YOUR ASSIGNMENT — In the material below, find the line with "ロッテ小島&鈴木が糸満市の西崎小訪問 児童112人と野球体験などで交流"; set down that line and every line after it to the end, exactly, without pictures.

*** INFORMATION SHOWN ***

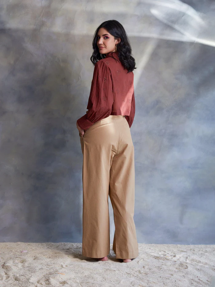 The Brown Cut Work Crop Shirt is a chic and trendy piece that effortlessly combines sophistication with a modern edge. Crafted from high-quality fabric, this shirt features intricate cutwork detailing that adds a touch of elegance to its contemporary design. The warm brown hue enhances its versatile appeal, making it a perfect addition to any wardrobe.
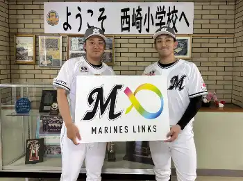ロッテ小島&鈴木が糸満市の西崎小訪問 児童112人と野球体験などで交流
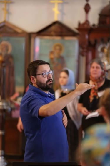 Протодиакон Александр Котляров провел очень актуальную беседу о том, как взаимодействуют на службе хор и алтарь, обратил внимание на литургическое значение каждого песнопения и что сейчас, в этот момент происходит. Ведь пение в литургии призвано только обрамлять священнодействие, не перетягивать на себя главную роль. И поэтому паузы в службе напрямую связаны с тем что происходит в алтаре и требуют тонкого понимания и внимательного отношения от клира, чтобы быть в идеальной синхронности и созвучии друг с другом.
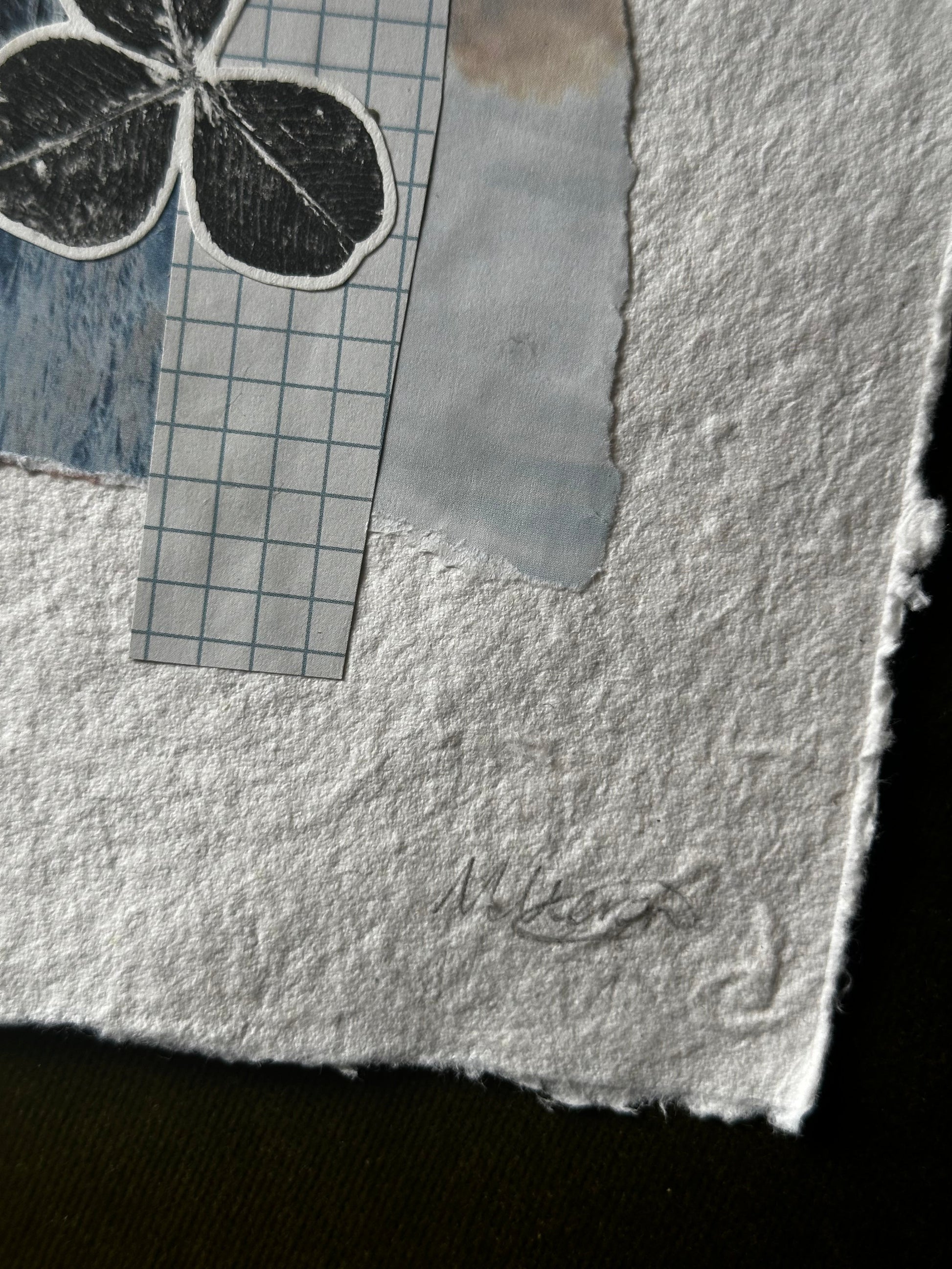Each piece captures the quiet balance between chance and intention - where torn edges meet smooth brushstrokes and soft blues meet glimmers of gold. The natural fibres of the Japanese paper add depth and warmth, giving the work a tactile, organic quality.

***

ANSWER BOX —
ロッテ小島&鈴木が糸満市の西崎小訪問 児童112人と野球体験などで交流
 Протодиакон Александр Котляров провел очень актуальную беседу о том, как взаимодействуют на службе хор и алтарь, обратил внимание на литургическое значение каждого песнопения и что сейчас, в этот момент происходит. Ведь пение в литургии призвано только обрамлять священнодействие, не перетягивать на себя главную роль. И поэтому паузы в службе напрямую связаны с тем что происходит в алтаре и требуют тонкого понимания и внимательного отношения от клира, чтобы быть в идеальной синхронности и созвучии друг с другом.
Each piece captures the quiet balance between chance and intention - where torn edges meet smooth brushstrokes and soft blues meet glimmers of gold. The natural fibres of the Japanese paper add depth and warmth, giving the work a tactile, organic quality.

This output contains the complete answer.